Perhaps the Vice President was referring to the unemployment
rate. But on this measure, too, the Bush-Quayle recession doesn’t
even rate. Even though the downturn officially ended in March, 1991,
unemployment continued to creep up for more than a year before it
finally peaked at 7.8 percent in June, 1992. While that’s certainly
far worse than the current rate of 4.1 percent, it pales in
comparison to the Depression years, when unemployment peaked at 24.9
percent in 1933, or even eight years later when, on the eve of World
War II, unemployment was still stuck at nearly 10 percent, according
to figures provided by the Bureau of Labor Statistics.
During several recessions since "the Dust Bowl days of the
1930s," unemployment has frequently surpassed 7.8 percent. During
all of 1975, for example, the jobless rate was stuck above eight
percent. In November and December of 1982, as young Gore was being
elected to his fourth term in Congress, the unemployment rate
reached 10.8 percent, its post-World War II high, before finally
dropping below eight percent in early 1984.
Presumably, the Vice President knows all of this, yet he
inexplicably chose to link the relatively mild early ‘90s recession
with the worst economy in living memory. That should have made Gore
a target for ridicule, but ABC, CBS, CNN, and NBC all ignored the
mistake, as did nearly every newspaper reporter on the campaign
trail.
Only one newspaper reporter even mentioned Gore’s gaffe: the
New York Times’s Katherine Seelye, and she focused exclusively
on the strategy behind the Veep’s decision to target "Bush-Quayle"
instead of "Reagan-Bush" in his rant against GOP economics.
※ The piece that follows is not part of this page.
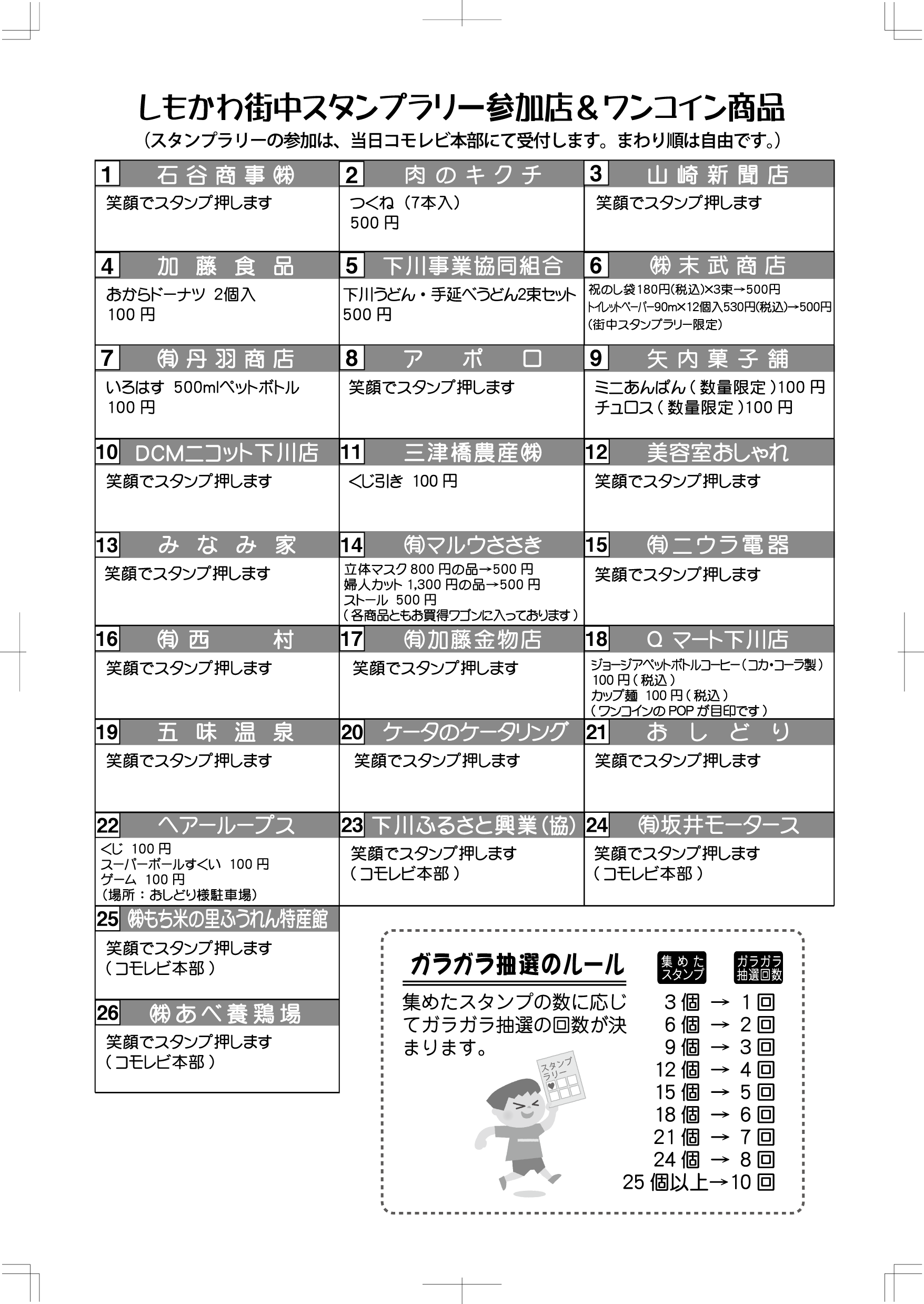 昨年度に引続き、下川町商工会・風連商工会と連携を図りながら下記の通り、「しもかわ街中スタンプラリー」を開催いたします!!

Amazingly, she did not question Gore’s questionable economic
assertions, even as she described his strategy of attempting to
undermine Texas Governor George W. Bush’s credibility on economic
matters.
No editor would have permitted a reporter to make such an easily
disprovable assertion about the economy, but by not correcting
Gore’s gaffe, the media are allowing a misperception about the
American economy to take root with the public. It’s time journalists
stepped forward to correct the record.